Calculate the digit sums of 3-digit numbers whose digits are consecutive (for example, 345). Do you see a pattern? Will this pattern continue?
Solution:
1 + 2 + 3 = 6,
2 + 3 + 4 = 9,
3 + 4 + 5= 12,
4 + 5 + 6 = 15,
5 + 6 + 7 = 18,
6 + 7 + 8 = 21,
7 + 8 + 9 = 24.
Yes, the pattern is a table of 3 from 3 × 2 to 3 × 8.
We cannot continue this pattern after 789.
Intext Question
Question 1.
Among the numbers 1-100, how many times will the digit ‘7’occur?
Solution:
The total count of 7 that we get is 20.
Question 2.
Among the numbers 1-1000, how many times will the digit ‘7’occur?
Solution:
The number of times 7 will be written when listing the numbers from 1 to 1000 is 300.
3.5 Pretty Palindromic Patterns 3.6 The Magic Number of Kaprekar 3.7 Clock and Calendar Numbers Figure it Out (Page No. 64-65)
Question 1.
Pratibha uses the digits ‘4’, ‘7’, ‘3’ and ‘2’, and makes the smallest and largest 4-digit numbers with them: 2347 and 7432. The difference between these two numbers is 7432 – 2347 = 5085. The sum of these two numbers is 9779. Choose 4-digits to make:
(a) the difference between the largest and smallest numbers greater than 5085.

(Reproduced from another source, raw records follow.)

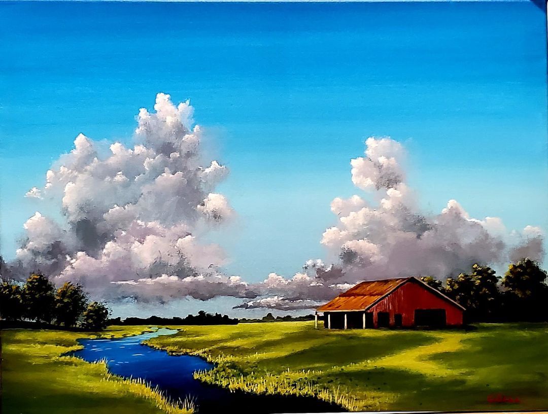 Cris Sell's Fond memories and it is a beautiful day, just like then. Acrylic painting in a black frame. Approx 25″ x 19″ $275 FREE shipping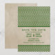 Moderno com uma reviravolta vintage é este Chic Chevron Salvar o Anúncio de Data. Este design apresenta um histórico de aparência de papel e um padrão de gavão zigzag em verde escuro. Fácil de personalizar, simplesmente adicione seus detalhes de casamento. Clique em "Personalizar" para encontrar mais opções de personalização.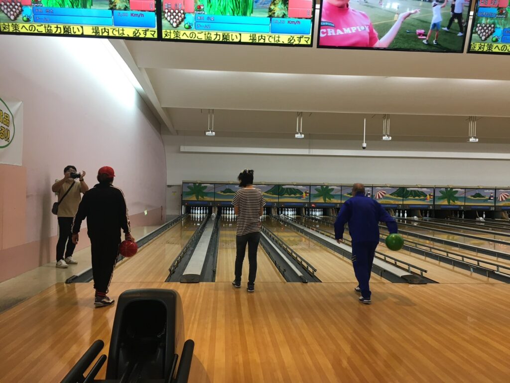 令和4年11月5日(土)に、スカイレーンにて余暇活動支援(ボウリング)を行いました。コロナの影響で自粛していたボウリングの第二回目を開催しました。参加した利用者さんはても楽しそうにプレイをし楽しんでいました。今回も2ゲームを行い終了。この日は天気も良く帰り道は、ドライブをしながら海辺で弁当ランチ。海も空もきれいでランチ後はみんなで海を背景に記念撮影をしました。 大きなトラブルもなく無事終了しました。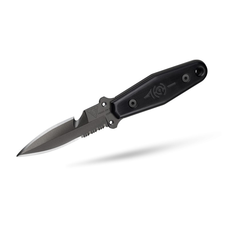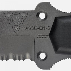 Son nom vient de la fameuse Passe-en-s de Mayotte, site de plongée sous-marine remarquable. Fait pour la plongée et la chasse sous-marine, la lame à double tranchant est dotée d'une goutte d'eau pour couper filets, cordelettes, lignes...
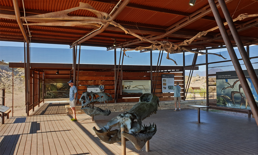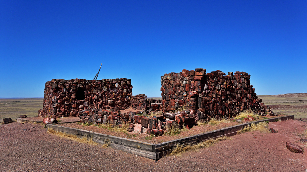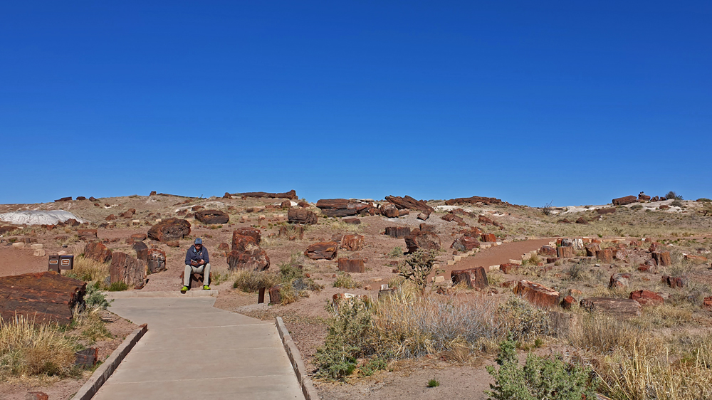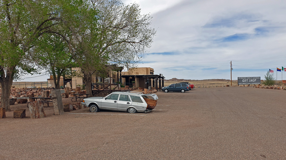Ausnahmsweise ist im Nationalpark ein Teil der Ausstellung im «Rainbow Forest Visitor Center» geöffnet, so dass wir uns vorgängig über Flora und Fauna und das Zustandekommen der verschiedenfarbigen Schwemmschichten und Fossilien aus der Trias (vor ca. 225 Mio. Jahren) sowie die spätere Besiedlung informieren können. (Das Visitorcenter des Painted Desert-Abschnitts ist dann wieder geschlossen, nur der Museumsshop ist geöffnet…).
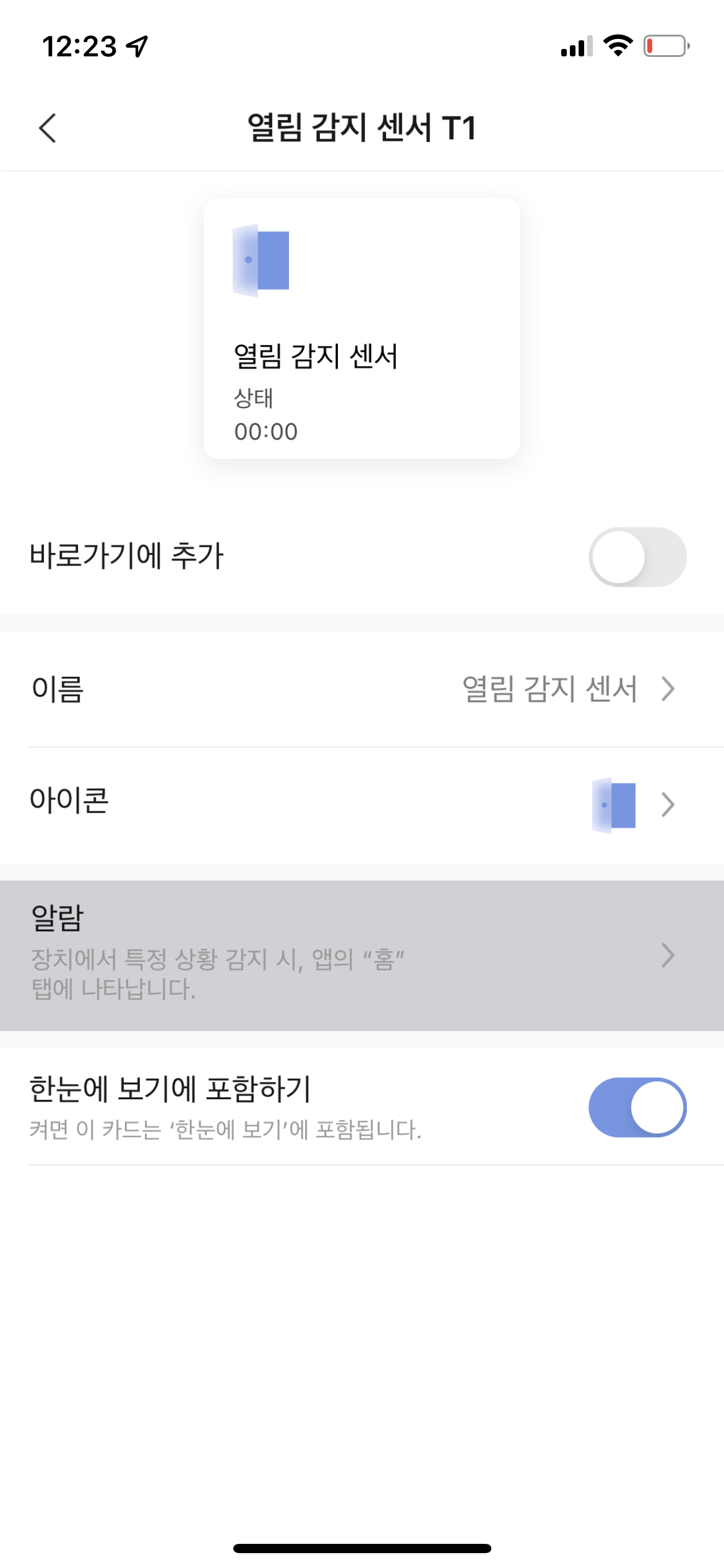 Aqara Home 앱에서 열림 감지 센서를 누르면 이렇게 알람도 설정할 수가 있습니다.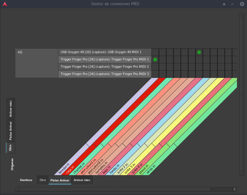 A continuación debemos configurar el enrutamiento. Nos situamos en el Gestor de conexiones MIDI dentro de la pestaña orígenes/Hardware y destinos/Ardour misc y asignamos las conexiones que necesitemos.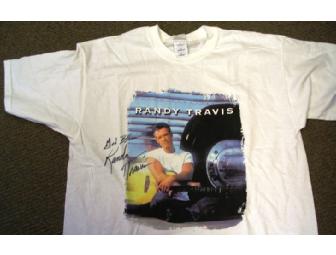 One of the BEST country singers of ALL TIME - Randy Travis! Bid on an autographed t-shirt of Randy Travis. It says "Thanks God Bless" and has signature. T-shirt is white size X-LARGE and has picture on front of Randy Travis and "Passing Through" tour locations on back.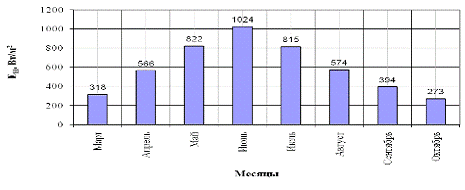 Средняя мощность потока солнечной радиации для этих месяцев равна:
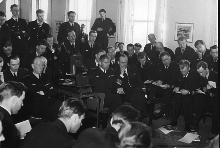 F6 Karlsborg 1953. Flygande personal under en övning i taktiska spel under ledning av CE1 Bjuggren. Albumet är en del av en donation från Karl-Axel Hansson, Karlsborg. Förteckning över hela donationen finns i albumet samt som Word-dokument.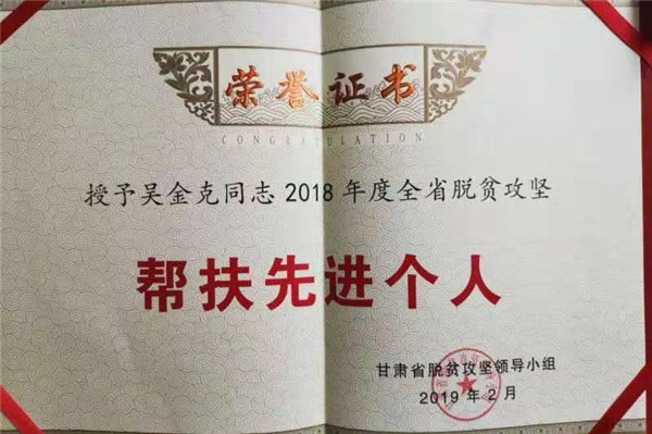 挂职干部的工作也得到了当地党委、政府的高度认可,吴金克被评为甘肃省2018年度全省脱贫攻坚帮扶先进个人。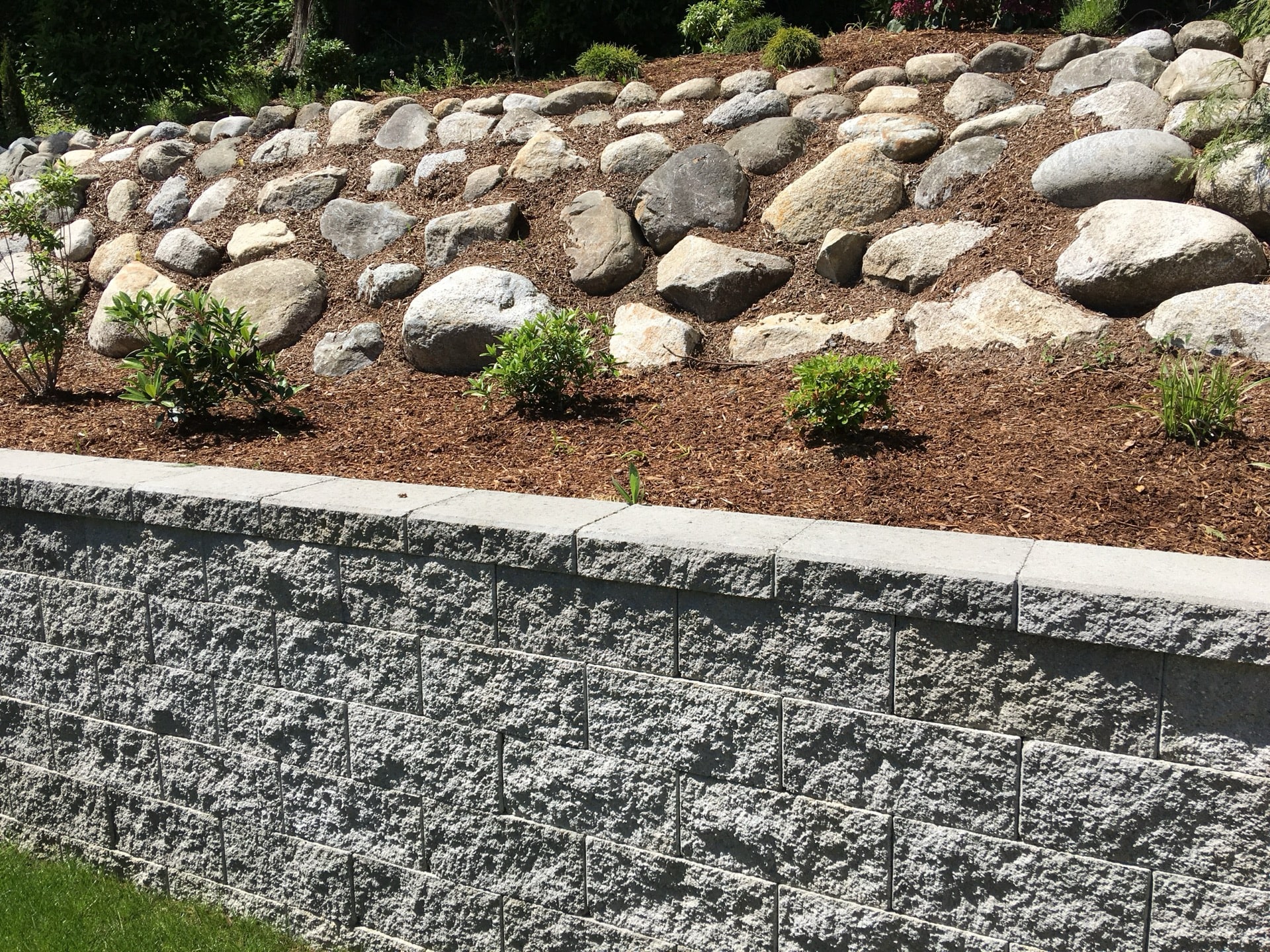 Does your land have a large slope or a significant height difference somewhere on your property? If you would rather walk down stable stairs instead of a slippery decline let us install a retaining wall for you. With retaining walls we can give you more level, usable land. We can terrace your property so that you have more space for lower beds, grass or maybe a patio. We can build retaining walls from wooden landscape ties, allan block concrete stones, or a natural rock such as granite. Your retaining wall could be as small as a foot high or as large as you can imagine.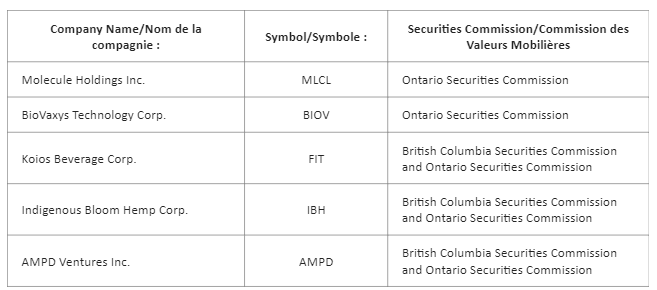 Effective immediately, the companies named in the attached table have been suspended pursuant to Canadian Securities Exchange Policy 3. The suspensions are considered regulatory halts as defined in National Instrument 23-101 trading rules. Cease trade orders have been issued by one or more securities commissions.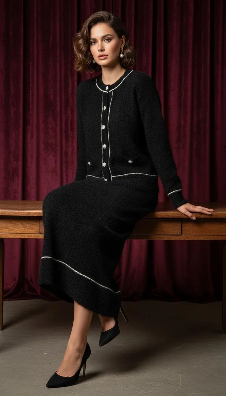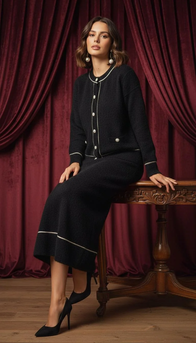 Angora İncili Siyah Takım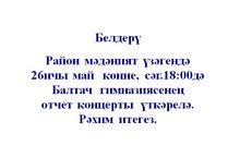 Район мәдәният үзәгендә 26нчы май көнне, сәг.18:00дә Балтач гимназиясенең отчет концерты үткәрелә. Рәхим итегез.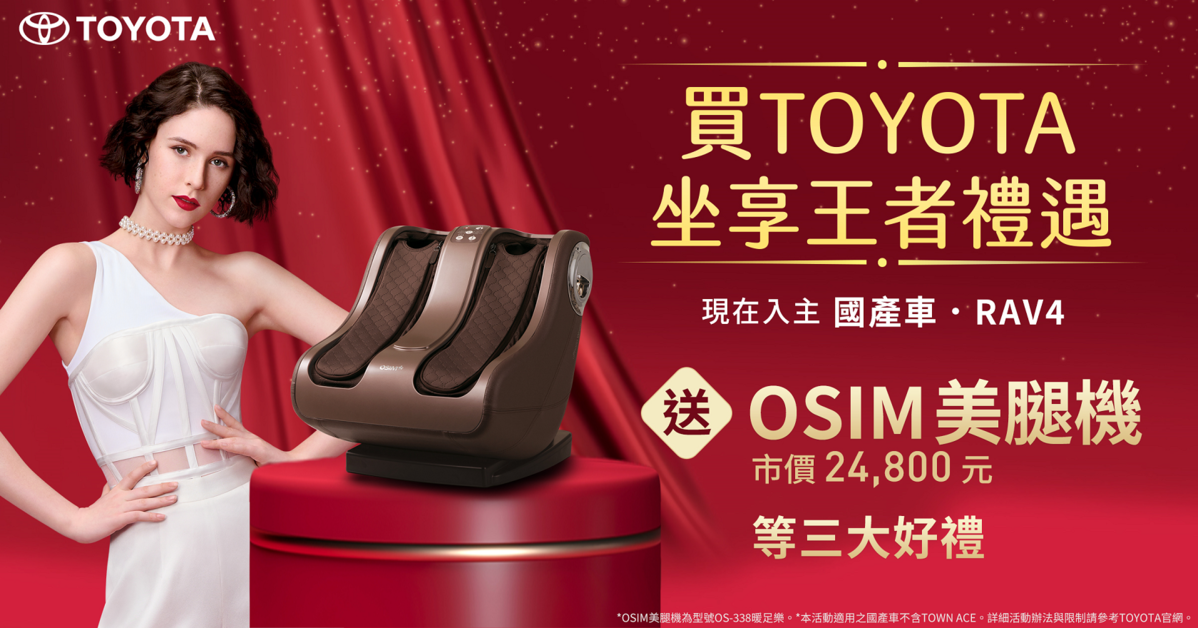 1月推出「買TOYOTA坐享王者禮遇」活動 購買指定車款送OSIM美腿機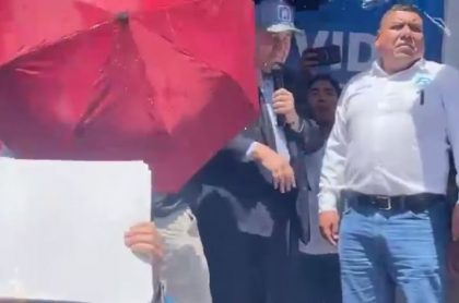 La policía estableció un cordón de seguridad con escudos y paraguas, pero no logró impedir los lanzamientos desde un sector ubicado a varios metros del estrado. El líder de Renovación no dudó en reaccionar ante el ataque.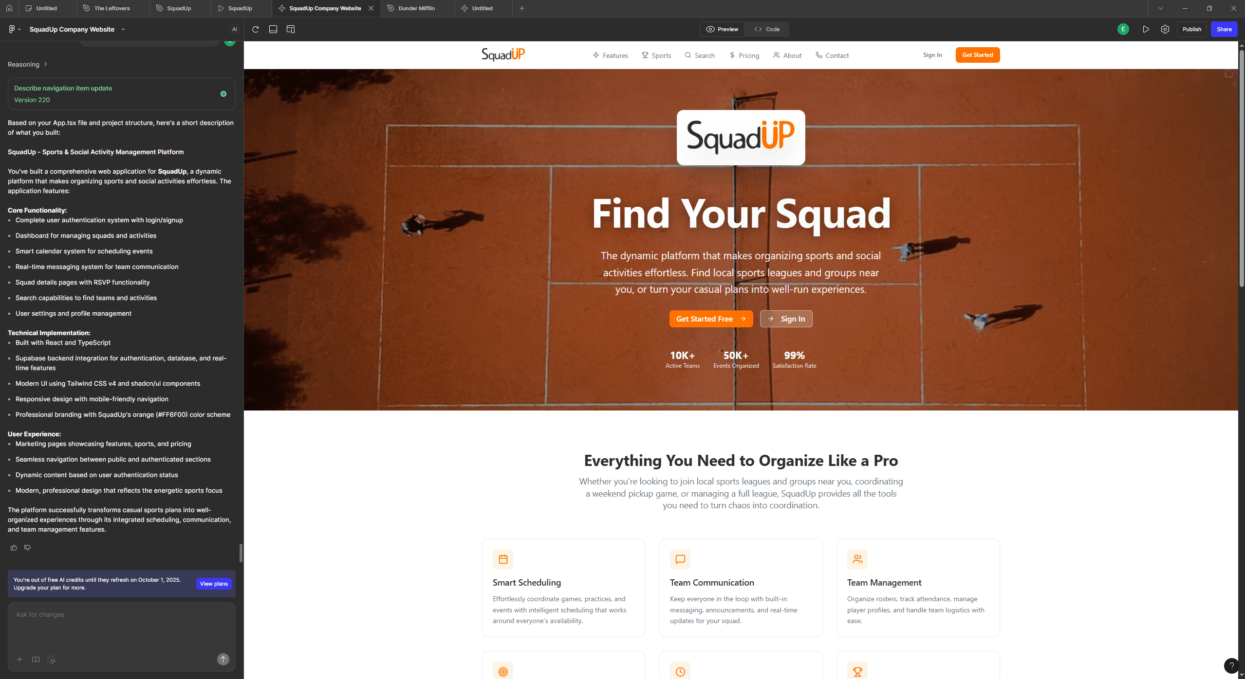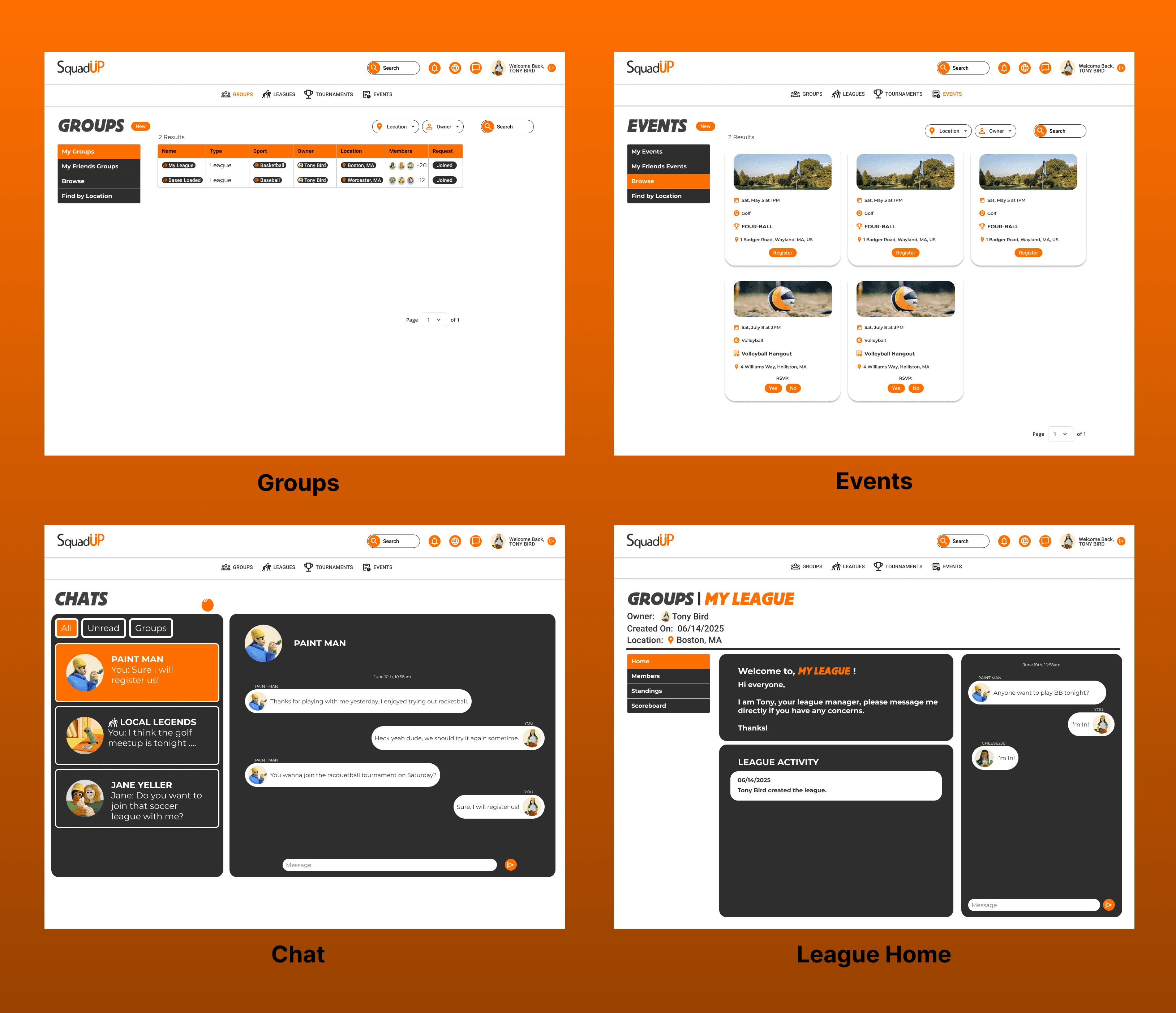 Design a dynamic business and management platform, SquadUp, to streamline organizing sports and social activities.

(b) the difference between the largest and smallest numbers less than 5085.
(c) the sum of the largest and smallest numbers greater than 9779.
(d) the sum of the largest and smallest numbers less than 9779.
Solution:
(a) 5, 8, 3, 2; largest 4-digit number: 8532, smallest 4- digit number: 2358 Difference: 8532 – 2358 = 6174 > 5085
(b) 4, 6, 3, 2; largest 4-digit number: 6432, smallest 4- digit number = 2346 Difference: 6432 – 2346 = 4086 < 5085
(c) 5, 8, 3, 2 → 8532 + 2358 = 10890 > 9779
(d) 4, 6, 3, 2 → 6432 + 2346 = 8778 < 9779
(Answers may vary)
Question 2.
What is the sum of the smallest and largest 5-digit palindrome? What is their difference?
Solution:
Smallest 5-digit palindrome = 10001
Largest 5-digit palindrome = 99999
Sum of the smallest and largest 5-digit palindrome is 10001 + 99999 = 110000
The difference between the largest and smallest 5-digit palindrome is 99999 – 10001 = 89998
Question 3.
The time now is 10:01. How many minutes until the clock shows the next palindromic time? What about the one after that?
Solution:
Prime time = 10:01
Next palindromic time after 10:01 = 11:11
Difference = 11:11-10:01 = 70 minutes
Thus, the next palindromic time shows after 70 minutes.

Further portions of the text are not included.